Not all representation types are appropriate for all item content types.

Re-Processing Content

Content is automatically re-processed every time it is uploaded. However, there may be times when you want to re-process some or all of the content in a project without re-uploading the content. For example:

  • The project's document type associations are modified, and you need to re-process XML content using the newly-available document types.
  • Preview stylesheets or metadata rules are updated.
  • After a Titania Delivery upgrade with new content processing capabilities.
  • Content linked from a DITA map is updated.
  • Necessitating the regeneration of contextualized copies.

You can re-process content at the project, folder, or file level using the Re-Process Files button (). At the project and folder level, this button has a menu with two options:

  • Re-Process Updated files will reprocess only files with the Children Modified flag set to 'true'.
  • Re-Process All files will reprocess all files in the project or folder unconditionally.
  • Delete Project Search index and Re-Process All files will delete all search records for the project before reprocessing all files. The search index will be rebuilt during processing.
    Note: This action will disrupt the portal display of project contents and make search results unreliable while files are being reprocessed.

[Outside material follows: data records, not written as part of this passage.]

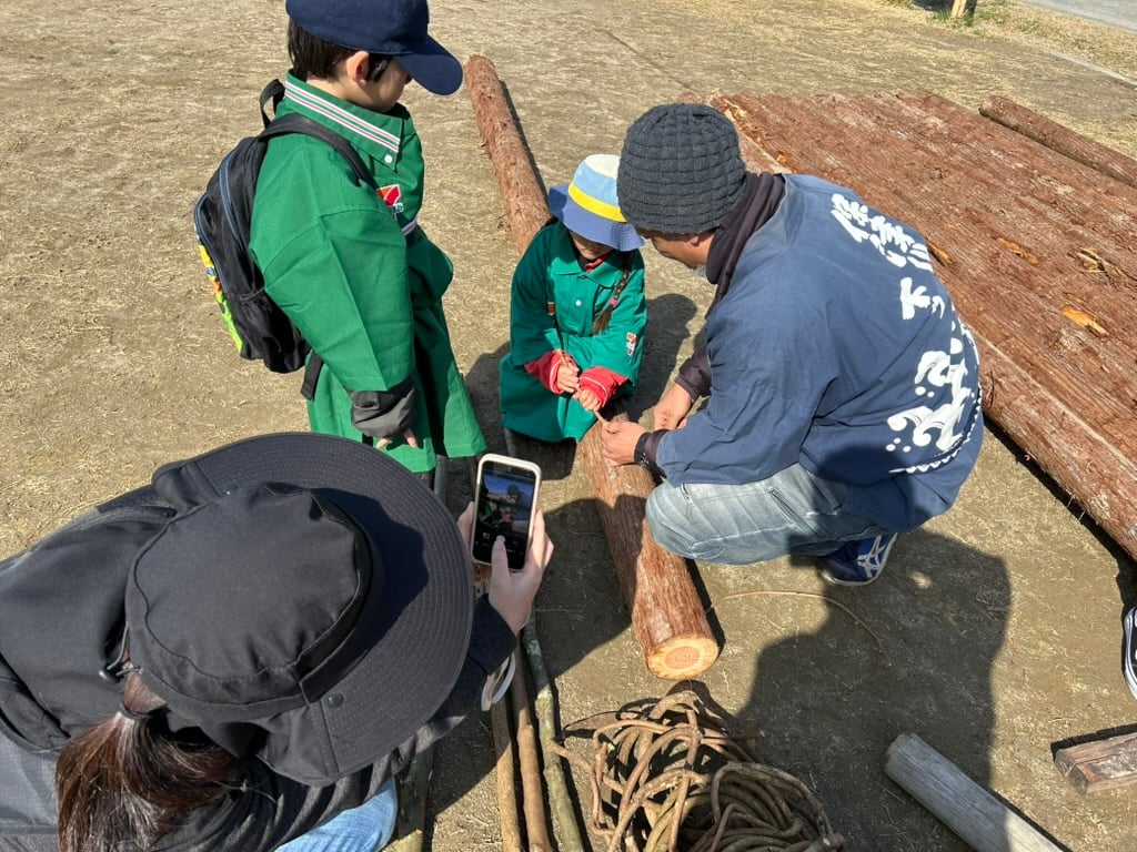 船頭さんの指導のもと、参加者は杉や樫の木を藤づるで固く結んでいきます。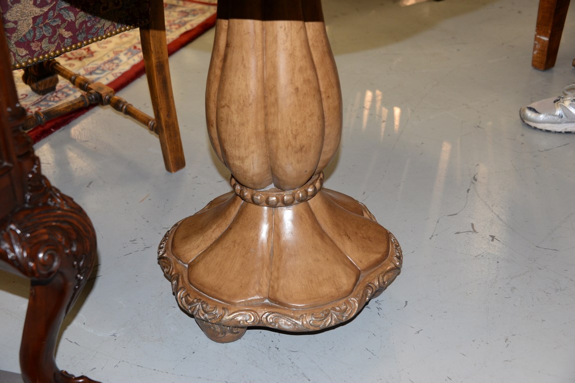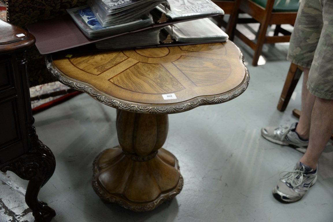 Decorative inlaid top table. ht. 27 in. dia. 28 in.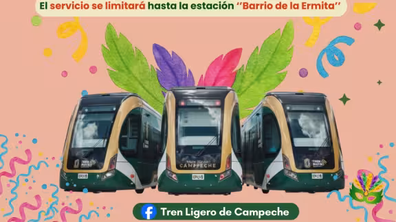 Con motivo de las actividades del Carnaval de Campeche 2026, el servicio del Tren Ligero tendrá modificaciones en sus rutas y horarios los días 13, 14 y 15 de febrero, con el objetivo de facilitar la movilidad y garantizar la seguridad de los asistentes.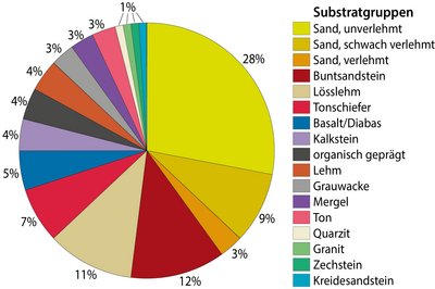 In Schleswig-Holstein, Niedersachsen und Sachsen-Anhalt überwiegen mit Abstand die Sande mit ihren verschiedenen Verlehmungsgraden. Im Hessischen Bergland sind Buntsandstein, Basalt oder Tonschiefer am häufigsten. Waldmoore befinden sich überwiegend in Niedersachsen, obwohl sie vereinzelt überall vorkommen können. Reichere Mergelstandorte sind typisch für den Osten Schleswig-Holsteins, Lösslehm dagegen in den anderen drei Bundesländern.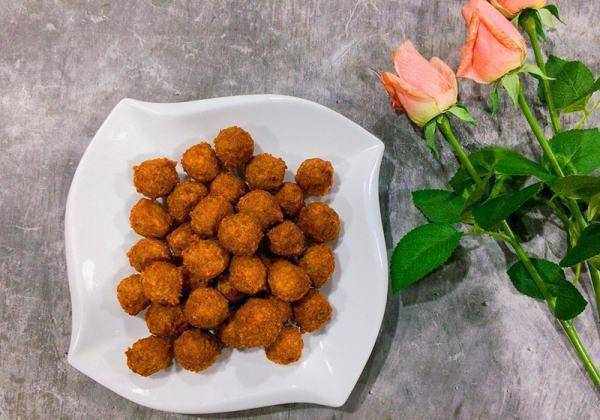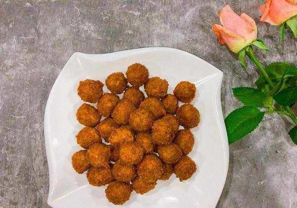 第四步,锅中放油,用大火将油烧到5成热,然后关小火,将丸子挤压成圆形后,放入锅中慢炸;最后再以大火复炸,直至粒粒色泽金黄,捞出沥油处理即可。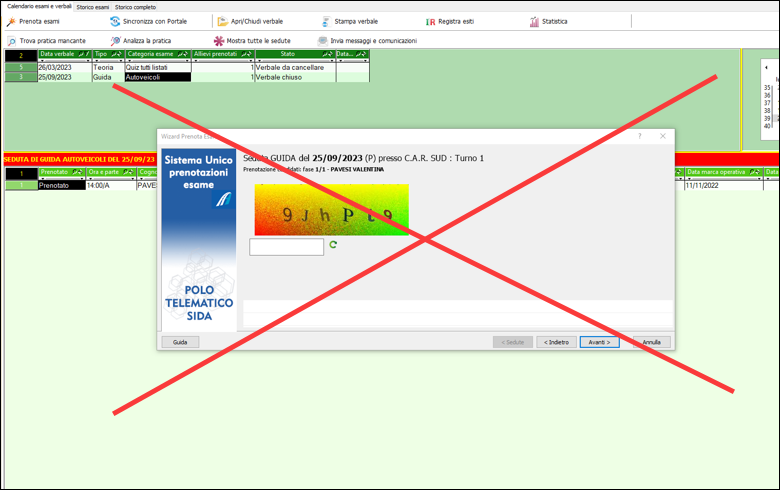 • Prenotazione esami - Captcha: quando si clicca su "Esami --> Prenota esami" e si selezionano dei candidati da prenotare, al termine dell'operazione non comparirà più la finestra con l'inserimento del codice Captcha, il quale verrà inserito direttamente dal gestionale rendendo l'operazione più semplice e veloce.
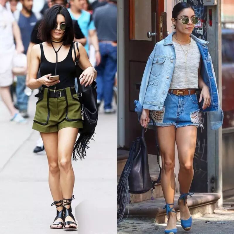 右边街头单宁风。选择单宁牛仔外套和短热裤,短款浅灰内搭做绿叶。这样子的搭配其实我们见得很多了,但是Vanessa出奇地选择了一双水蓝色绑带高跟凉鞋,给整体增色不少。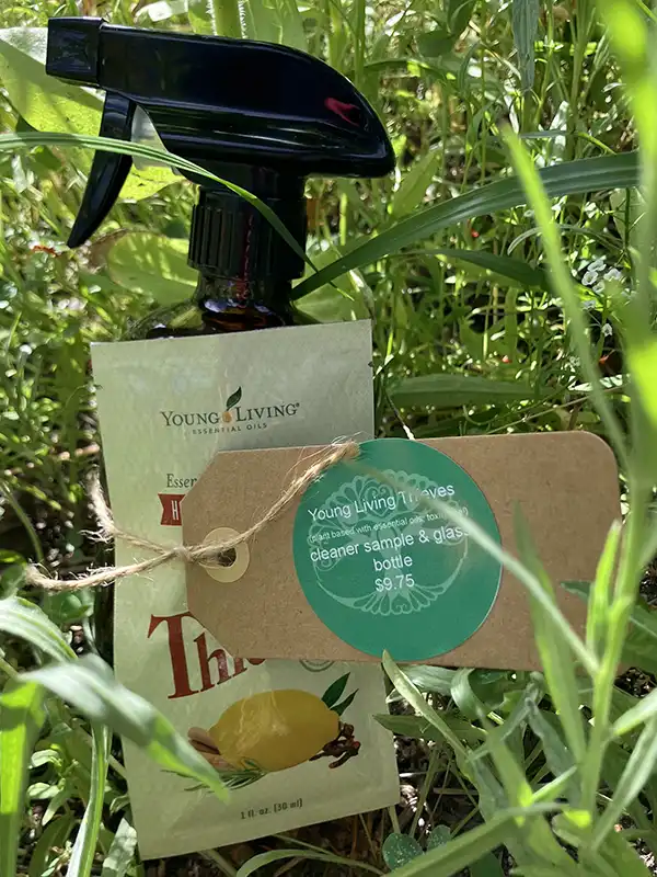 Young Living’s Thieves brand cleaner sample with a glass spray bottle so you can give this toxin free cleaner a try. I use this for everything! Counters, toilets, sinks, floors etc. A minimalist’s dream…one cleaner to store, no harsh chemicals and it cleans!!
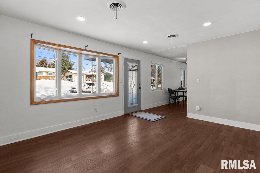 Updated and move-in ready slab home tucked away on a quiet dead-end street. Enjoy a private deck overlooking a spacious backyard-perfect for relaxing or entertaining-plus the convenience of two sheds for extra storage. A peaceful setting with modern updates and great outdoor space. The listing agent is a licensed managing broker in the states of Illinois and Iowa.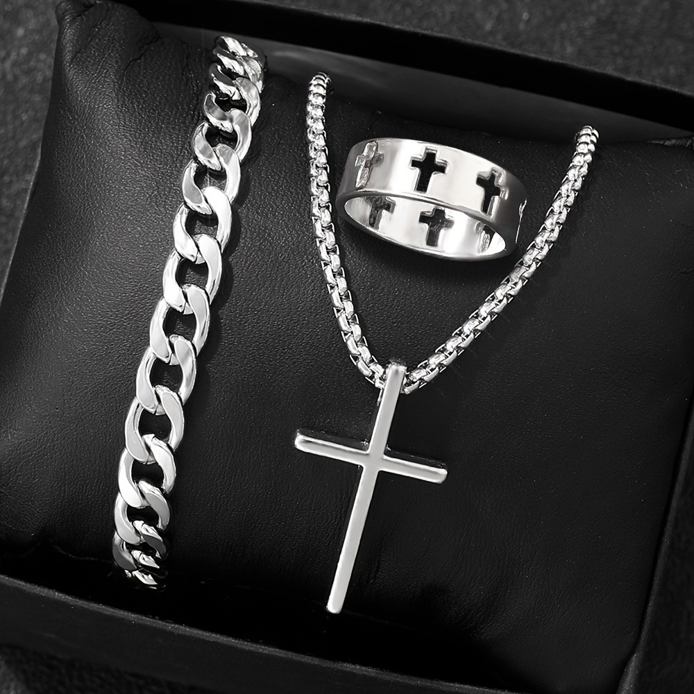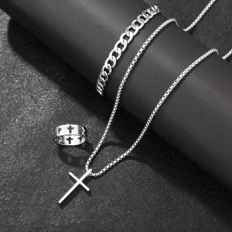 Color: Silver Cross Three-Piece Set, Black Cross Three-Piece Set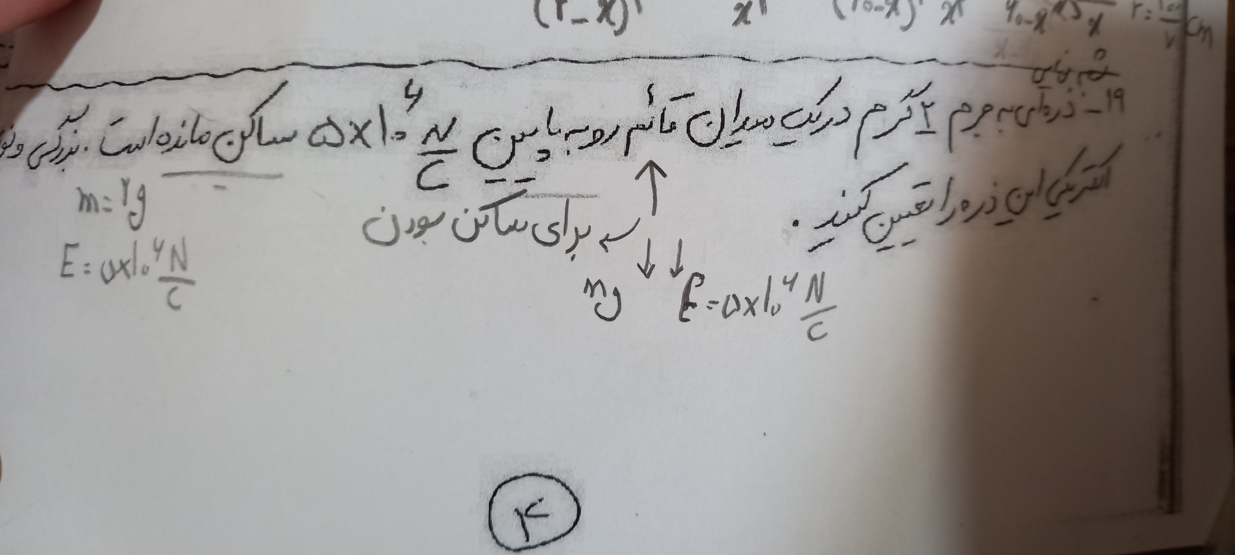 سلام بیین یه نیروی وزن داره به پایین وارد میشه پس یه نیرو به سمت بالا باید وارد بشه که تعادل برقرار باشه پس بار منفی داریم حالا باید نیروی حاصل از میدان رو با نیروی وزن برابر قرار بدی و مقدار بار رو بدست بیاری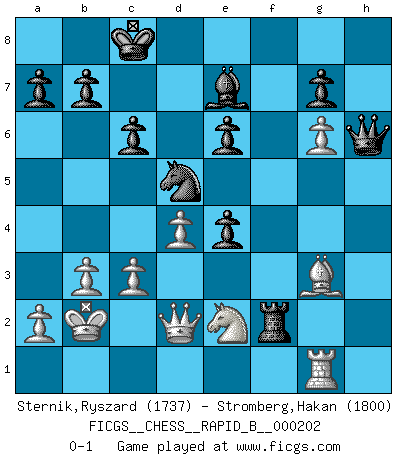 Last move : 0-1 2013 January 25 21:45:39 [Event "FICGS__CHESS__RAPID_B__000202"] [Site "FICGS"] [Date "2012.12.07"] [Round "1"] [White "Sternik,Ryszard"] [Black "Stromberg,Hakan"] [Result "0-1"] [WhiteElo "1737"] [BlackElo "1800"] 1.e4 c6 2.d4 d5 3.e5 Bf5 4.g4 Be4 5.f3 Bg6 6.h4 h5 7.e6 Qd6 8.exf7+ Bxf7 9.Be3 hxg4 10.fxg4 Nf6 11.g5 Ne4 12.Ne2 Bh5 13.Qc1 Nd7 14.Nd2 O-O-O 15.Nxe4 dxe4 16.Qd2 Bf3 17.Rh3 Nb6 18.Bf4 Qd5 19.b3 Qf5 20.Rh2 Nd5 21.Bh3 Bg4 22.Bxg4 Qxg4 23.O-O-O e6 24.Be5 Rxh4 25.Rxh4 Qxh4 26.Kb2 Bb4 27.c3 Be7 28.Rg1 Rf8 29.g6 Rf2 30.Bg3 Qh6 0-1 Caro-Kann : Advance variation Queenside Castling by player Black (move 14) Queenside Castling by player White (move 23) Player Black won this chess game. Follow this game move after move (download)The passed Pawn is a criminal, who should be kept under lock and key. Mild measures, such as police surveillance, are not sufficient. (Aaron Nimzovich) Wie kann ich Remis annehmen? Ich weiß ja gar nicht, wie ich stehe! (Fritz Sämisch) El Ajedrez es el juego mas altamente simbólico, pero las agresiones estan por lo tanto aún mas francamente representadas en la partida. Tal vez comenzo como un juego de guerra; Algo como la representación de una batalla en miniatura entre las fuerzas de dos reinos. (Karl Meninger) Le jeu d'échecs est comme rejeté hors du temps. (Antoine de Saint-Exupéry) Whatever you do, don't be bored. This is absolutely the most exciting time we could have possibly hoped to be alive. And things are just starting. (From movie Waking life)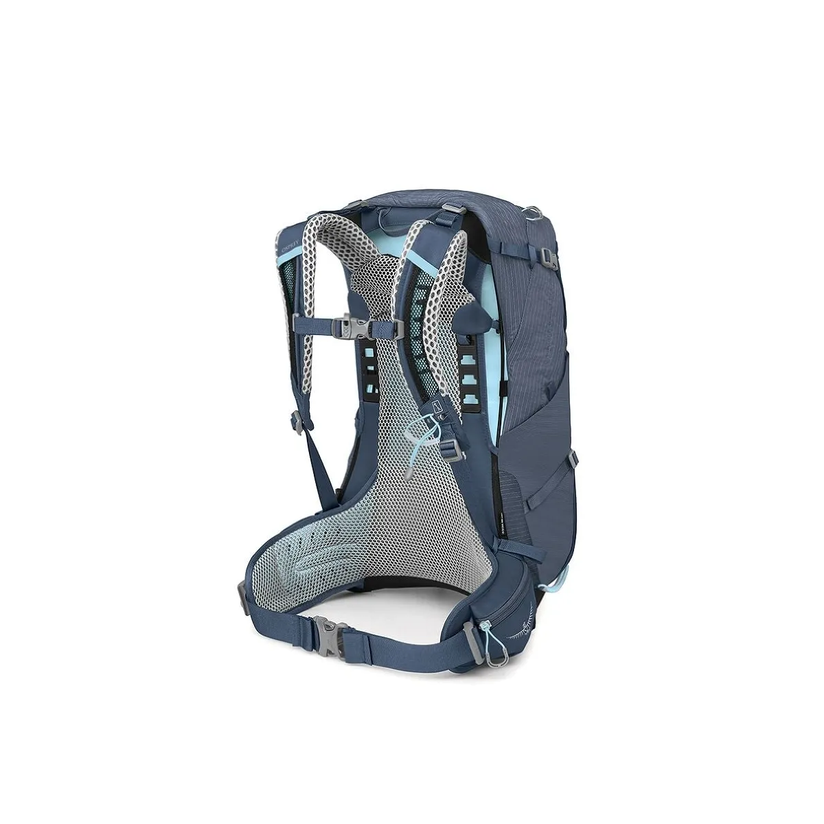La Osprey Sirrus 24 L es una mochila técnica para senderismo de día y actividades outdoor, diseñada específicamente para mujer con un sistema de suspensión ventilada y ajuste ergonómico. Ofrece un volumen ideal de 24 L para llevar equipo esencial, agua, comida y ropa de repuesto en caminatas de varias horas. Está construida con materiales sostenibles y reciclados, con atención al confort, funcionalidad y durabilidad en rutas exigentes.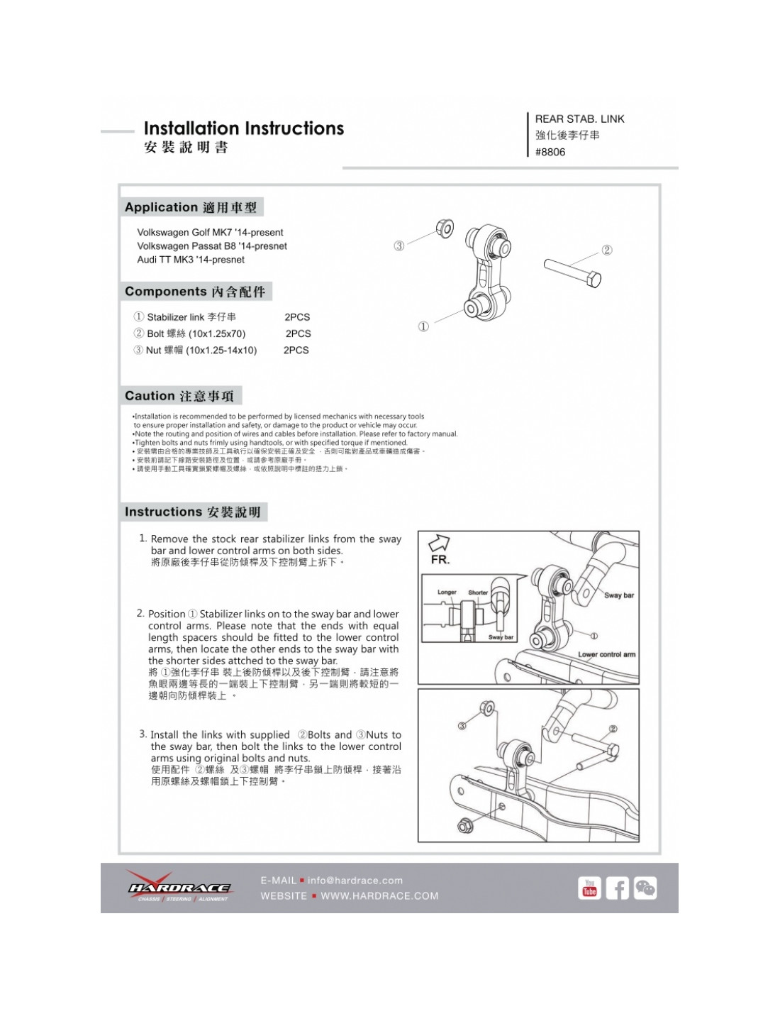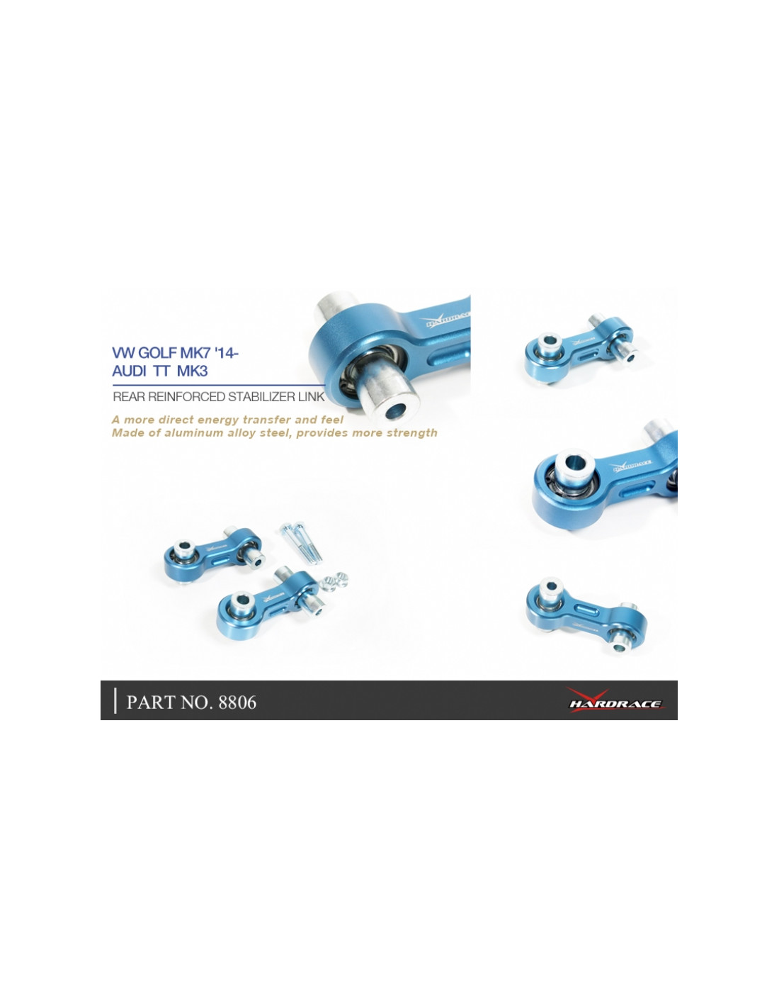 Hardrace stabilizer bar link for Audi, Skoda, Volkswagen. Ideal for improving driving precision, ride stability, and steering response. Manufacturer's description: - CNC Aluminum Body + Pillow Ball 2 PCS/SET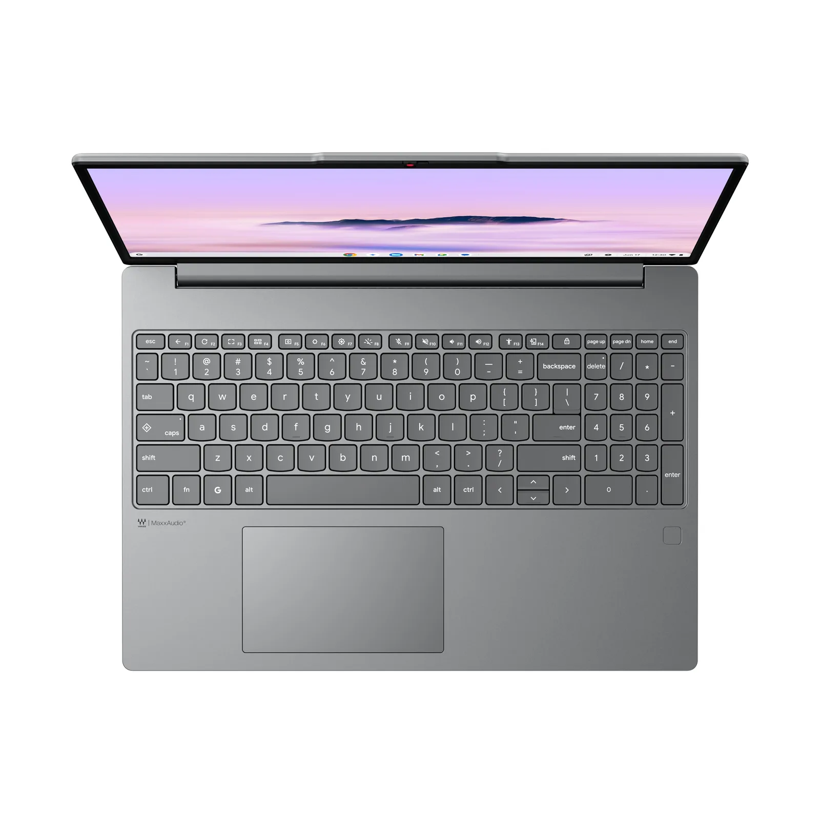 Das Herzstück des neuen Chromebook Plus i 15 ist das 15,3 Zoll große IPS-Display im produktiven 16:10-Format, das mit 1920 x 1200 Pixeln auflöst und mit 400 nits hell genug für den Einsatz in verschiedenen Umgebungen ist. Wer mehr will, kann optional zu einer Variante mit 120 Hz und Touchscreen greifen.

As a general rule, it's a good idea to re-process updated files whenever you upload topics without also uploading new versions of the maps that reference them.

Note: If you notice bizarre behavior within a project or a portal, a good first step in troubleshooting the problem is to reprocess the specific project or all projects associated with the Portal. If search results include items that no longer exist in the project, deleting the project search index will resolve that problem.